When the ball leaves your hand, a=-9.8m/ss. So it is slowing down. If it hits something on the way up, it will slow down even more quickly, so its deceleration increases to a>-9.8m/ss. This is due to whatever it hit exerting a force on the ball. By Newton's third law, the ball will exert the a force of the same magnitude on whatever it hit. To find out the force, one has to know the change in velocity during the impact, and the duration of the impact.
 


szekely said:
Ok so I'm in 7th grade and I think I'm pretty good in science class. The other day we had some math questions involving some equations. One question was something like a spaceship hit the ground with a velocity of 100 m/s and then it asked like what was its mass.
There must have been more to this question, you do not have enough information to find the mass.
This question also included the gravity of the planet (like 7.8 m/s squared).
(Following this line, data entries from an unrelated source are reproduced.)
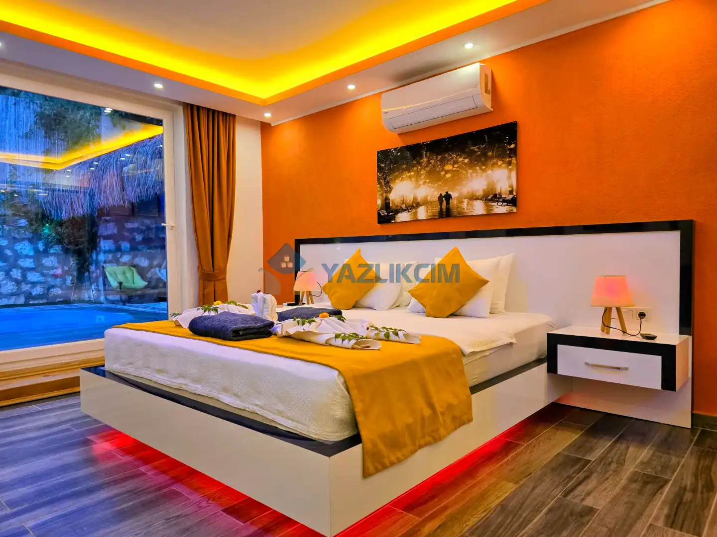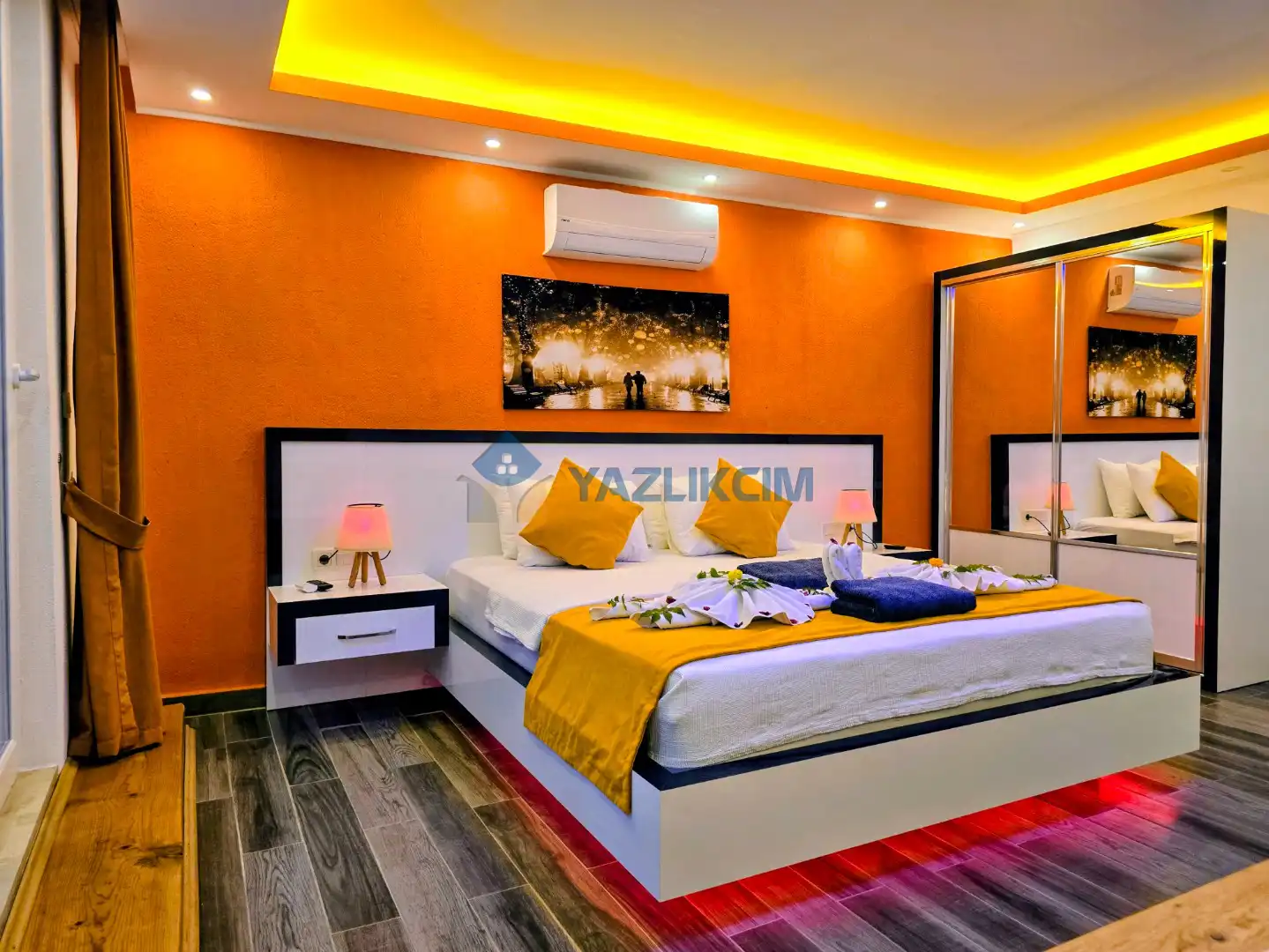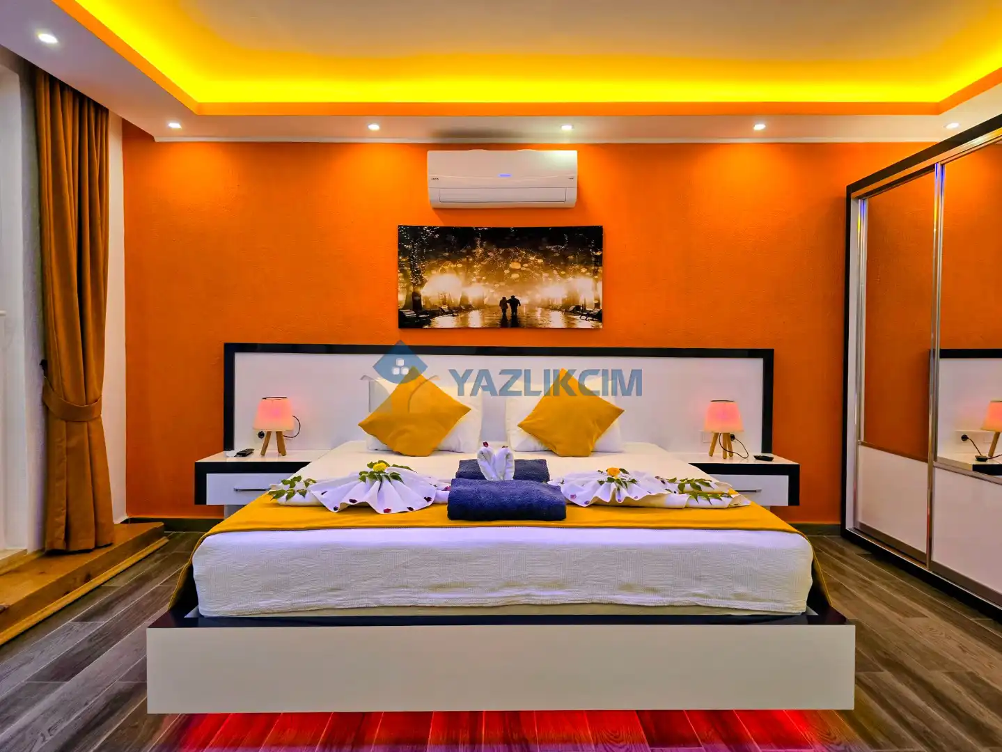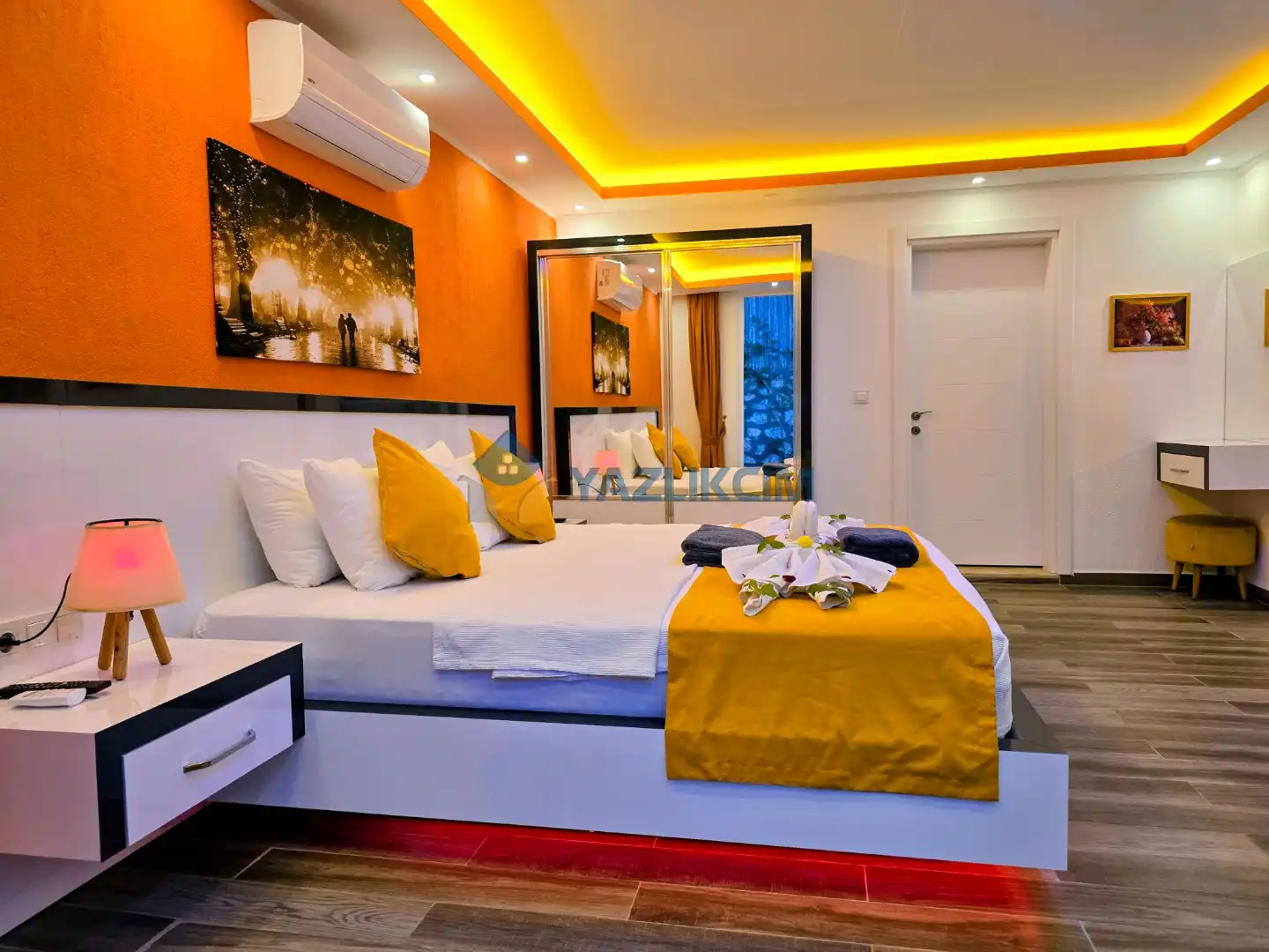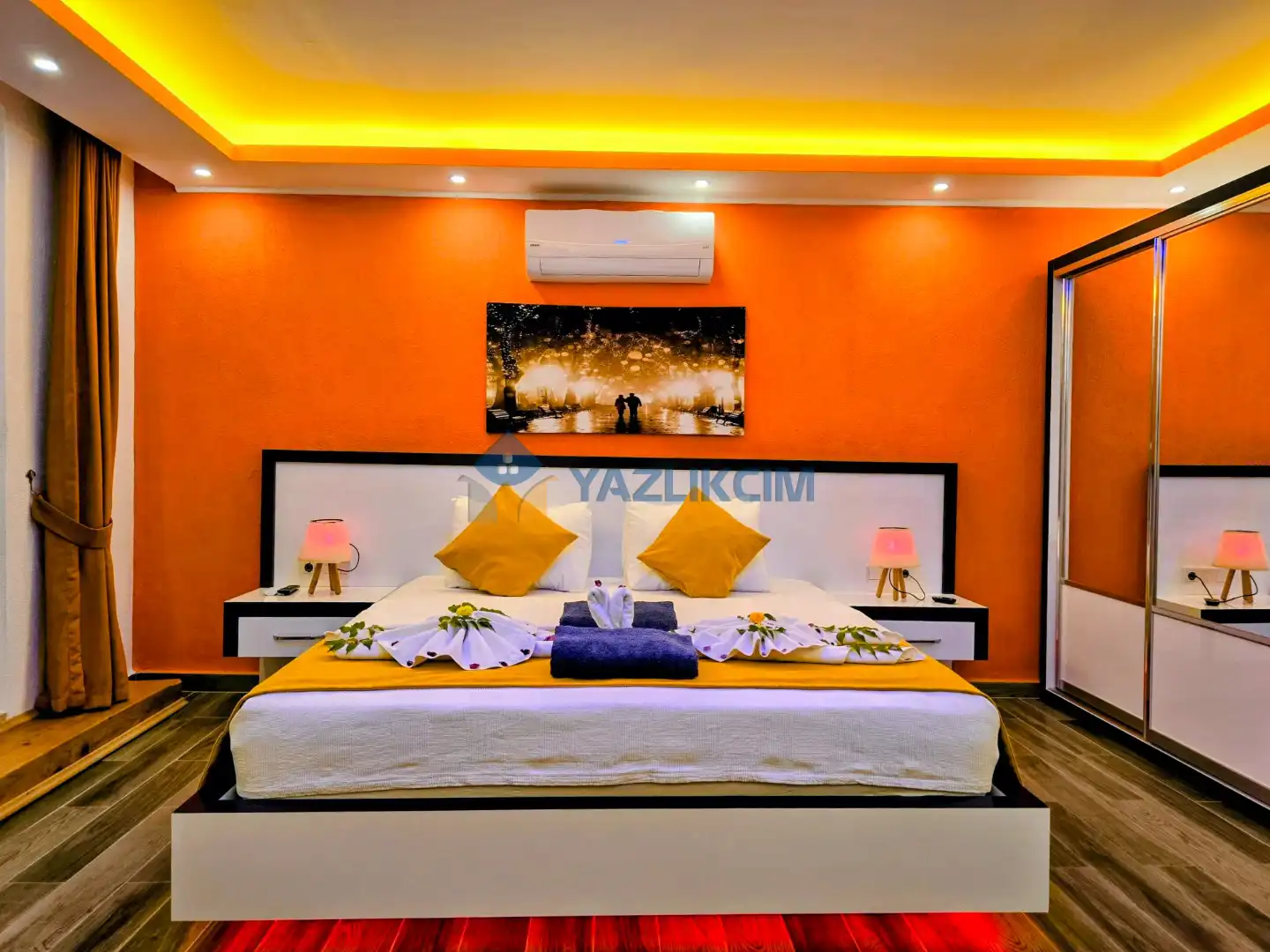 Detayları : Çift kişilik yatak, jakuzi, klima, komodin, elbise dolabı, makyaj masası, banyo ve lavabo bulunmaktadır.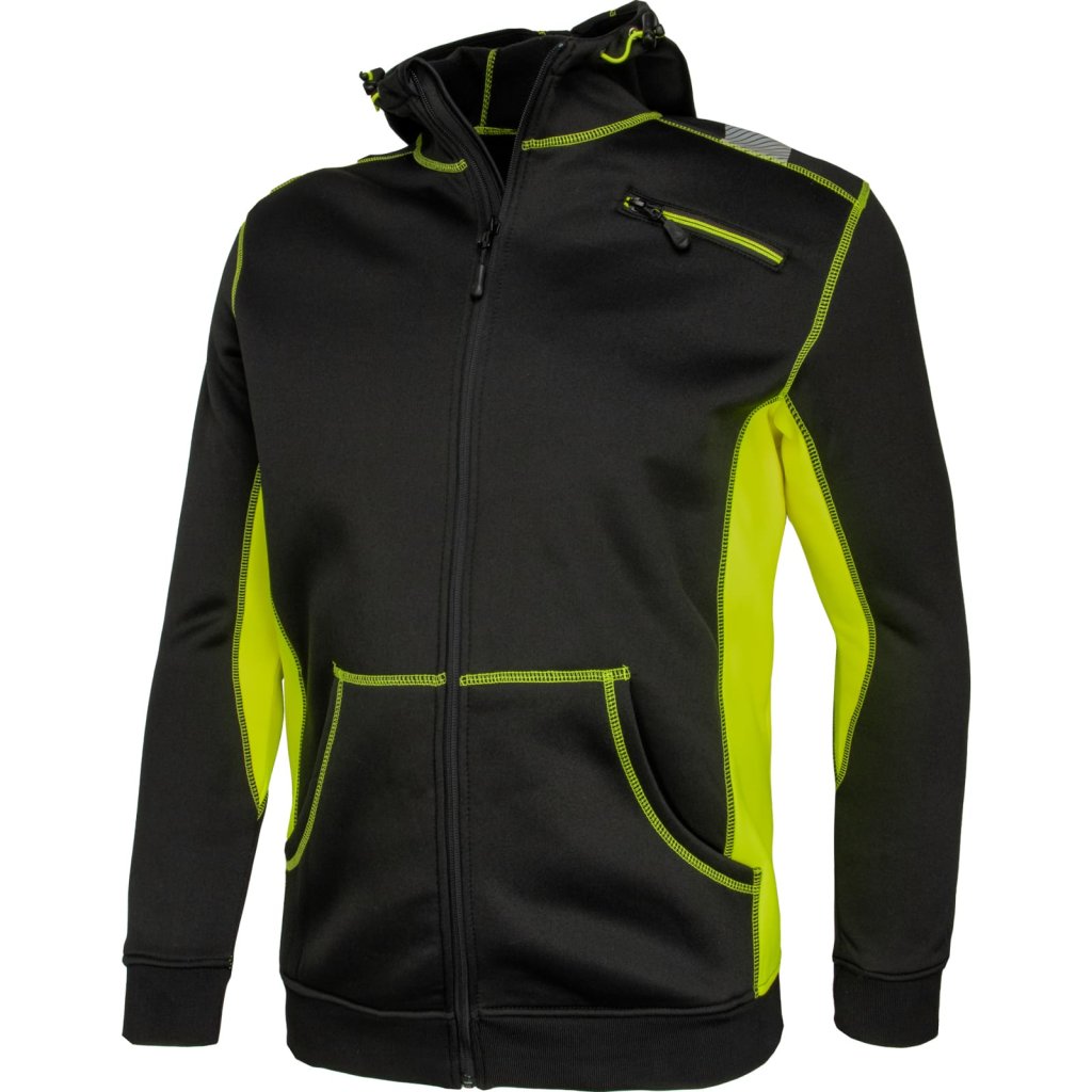 Pracovná mikina pre mužov s reflexným pruhom L.HOLLMAN. - 100 % polyesterová podšívka z flísu - gramáž 300 g/m² - zapínanie na zips - kapucňa so sťahovacími šnúrkami - dve spodné vrecká a jedno náprsné vrecko na zips - rebrované manžety a lem - segmentované reflexné pruhy - strih: REGULAR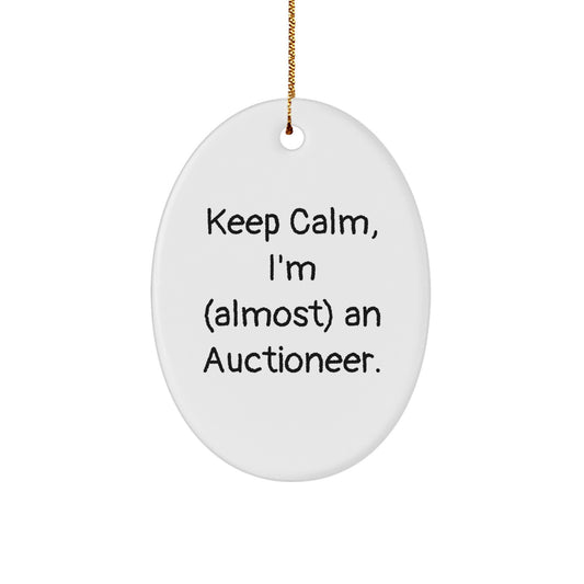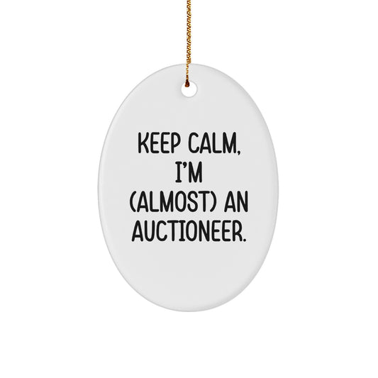 Funny Auctioneer Gifts for Friends - Oval Ornament with 'Keep Calm, I'm almost An Auctioneer' - White Oval Shape Christmas Unique Gifts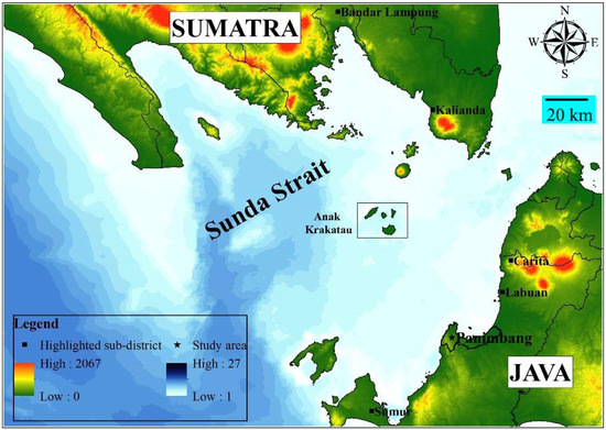 The official number of casualties reported was 437 deaths, 31,942 injuries, and 10 still missing [22,23]. The total numbers of casualties in Banten Province and Lampung Province were 317 and 120, respectively. The Panimbang subdistrict located in Pandeglang, Banten, was chosen as the study area in this research. It has a total population of 51,692 in the Panimbang subdistrict and the highest number of deaths (129 out of 295) in the Pandeglang District due to the December 2018 Anak Krakatoa tsunami. This subdistrict also had the third highest number of damaged houses in Pandeglang [24].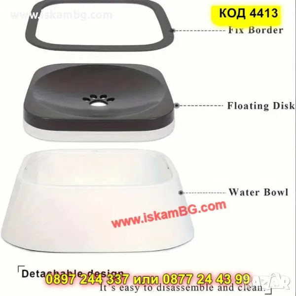 Кажете сбогом на локвите и мокрите подове с тази иновативна неразливаща купа за вода! С капацитет от 1.5 литра и интелигентна плаваща плоча, тя контролира потока на водата, като позволява на вашето куче или котка да пие спокойно, без излишно пръскане и разливане.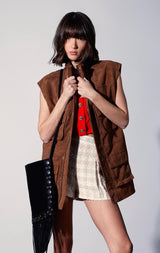Function and fashion collide with the Renata Vest. This longline style comes in our velvety suede and combines cargo pockets with a stylish funnel neck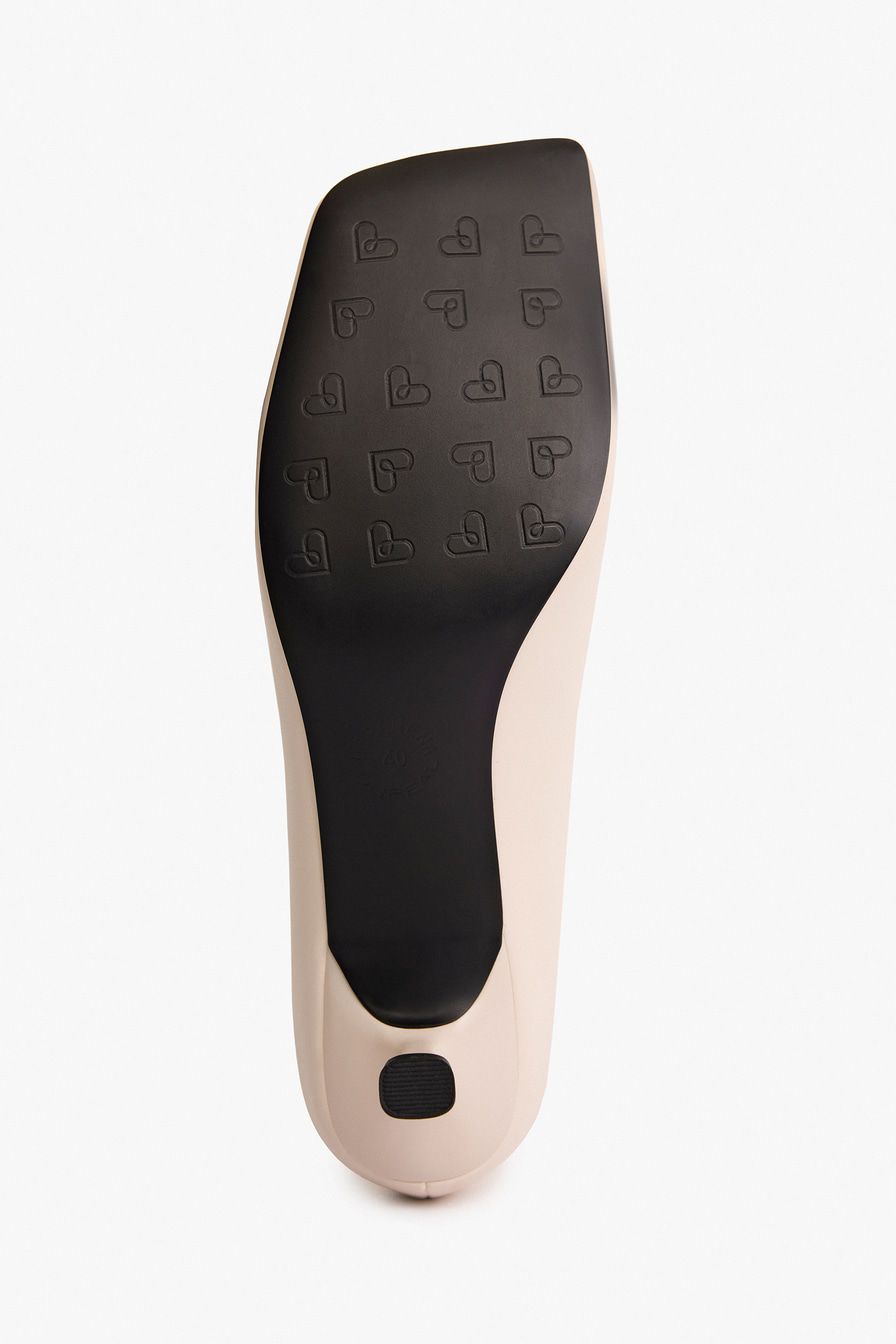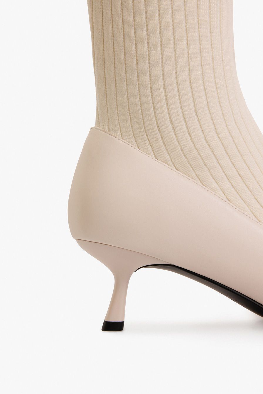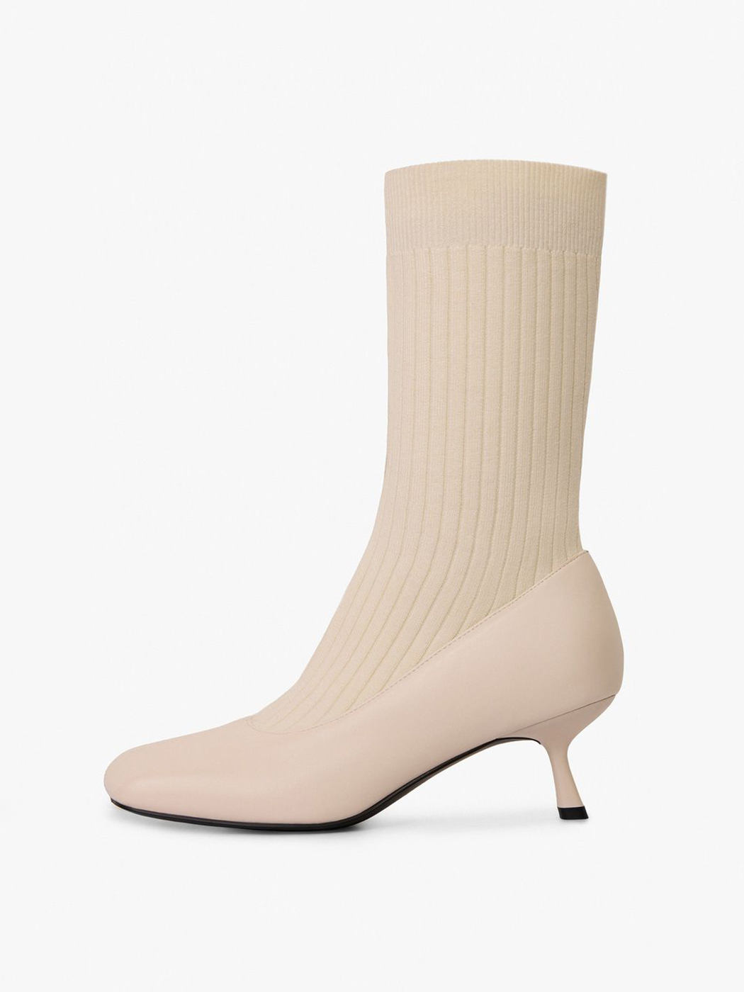 Полусапоги из экокожи и текстиля имитируют туфли в комплекте с носками в крупный рубчик. Модель молочного цвета дополнена квадратным мысом и высоким каблуком.

The next question was what was the force of the impact. The answer was something low because the force of gravity was 7.8. I was wondering how F=ma would work here because the velocity makes it seem like the impact would have much more force than what it was.
If you knew the mass then the force of the impact would indeed be just [tex]F = ma[/tex] with the acceleration being that given.
Then i started thinking about if you threw a ball straight up. As soon as it left your hand the acceleration would be downward at 9.8 because of gravity. So the acceleration upward is -9.8 even though its still going up. I know that if it hits something while going up its going to have a force so i don't see how F=ma works if acceleration is negative.

Just today i started wondering if this was because of momentum and if you would somehow get p=mv into there.

Thanks for all of the responses. I know this should be extremely easy for you guys.

When you throw the ball up it has velocity of +V and acceleration of -g that means (on earth) 9.81 ms-2 down. Since it is accelerating downward its upward velocity is always getting smaller, it is slowing down. When the velocity reaches zero the ball has reached its highest point. It still has a acceleration of -g, so now its velocity begins to increase downward. As it falls in the negative direction (down) its velocity increases due to the acceleration in the negitive direction. When it reaches the point of release its downward speed will equal the speed at which it was released initially. I carefully used the word speed here, since the velocities are not equal, Vup = - Vdown

Does this help?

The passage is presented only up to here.